Estimated time to complete: 75 mins.

> Tools needed: Google Colab (free, no installation), and Claude or ChatGPT (free web).
> HPC required? No. Everything in this module runs in your browser.
> Dataset: 10x PBMC 3k, loaded directly by Scanpy with no download needed.
>
> Click the Open in Colab badge above to launch the runnable notebook. The README below is the narrative companion. The notebook mirrors it cell-for-cell.

---

## Hook: are those 5,000 "cells" real cells?

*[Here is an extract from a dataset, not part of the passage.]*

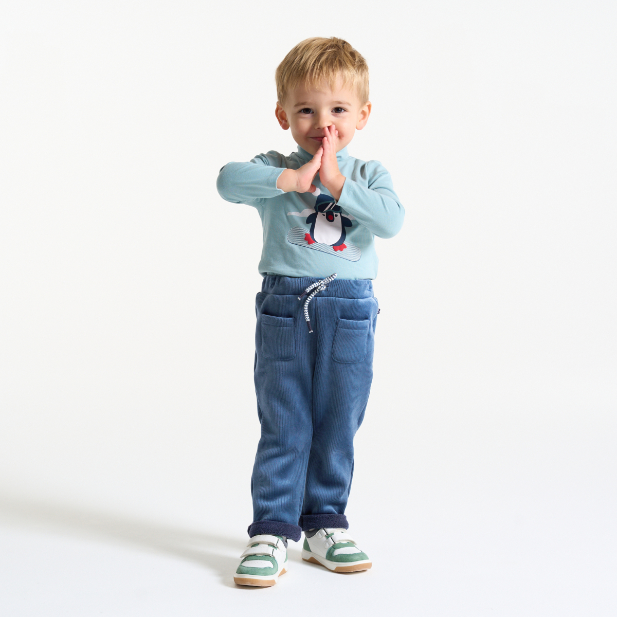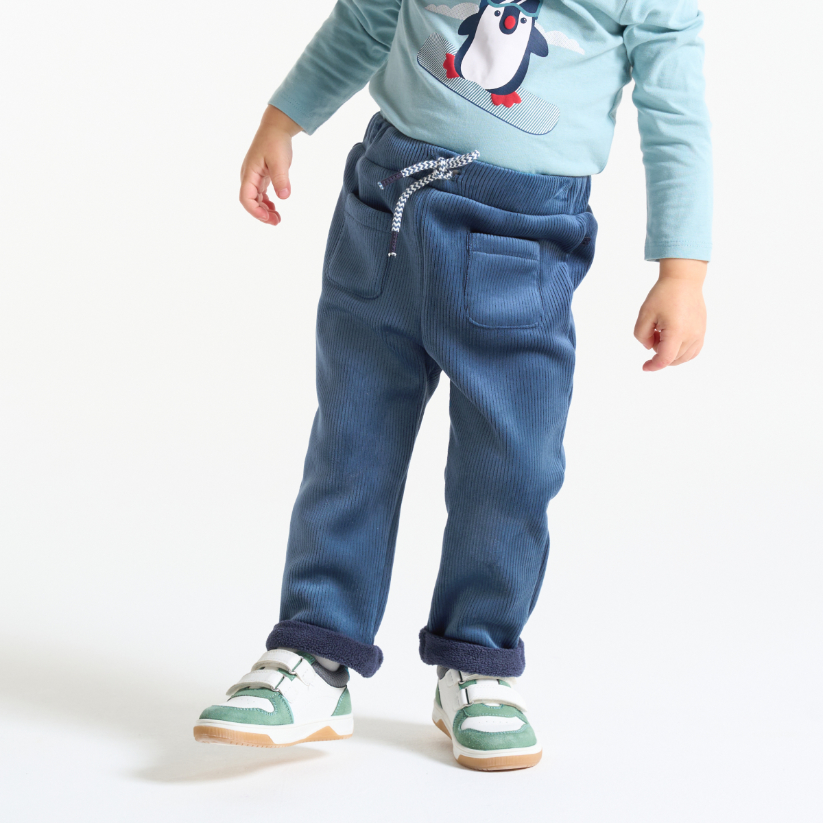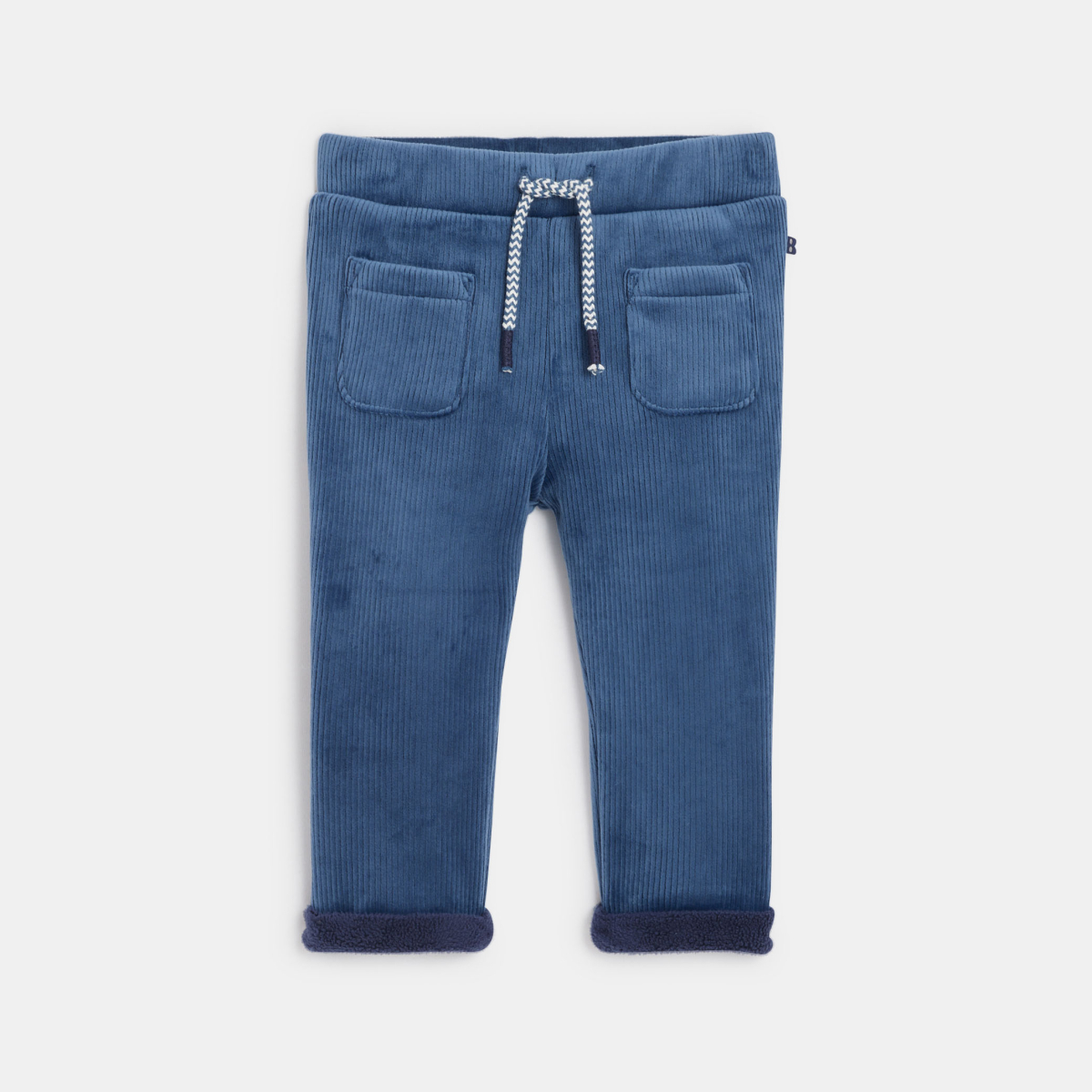 بنطلون من الثوب المخملي المضلع الوبري، باللون الأزرق للأولاد الرضع.
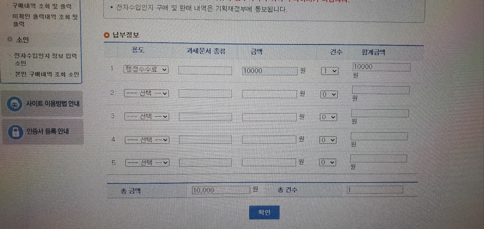 5) 전자수입인지(종이 문서용 전자수입인지 1만 원-행정수수료용)

Cell Ranger reports 5,013 detected cells. Some of those barcodes represent:

- *Dead or dying cells*: high mitochondrial RNA, low gene count.
- *Empty droplets*: ambient RNA, almost no genes.
- *Doublets*: two cells captured in one droplet, with an artificially high gene count.

If you skip QC and cluster raw data, your "cell types" will include dead-cell clusters,
doublet artifacts, and noisy background populations. Annotation becomes impossible.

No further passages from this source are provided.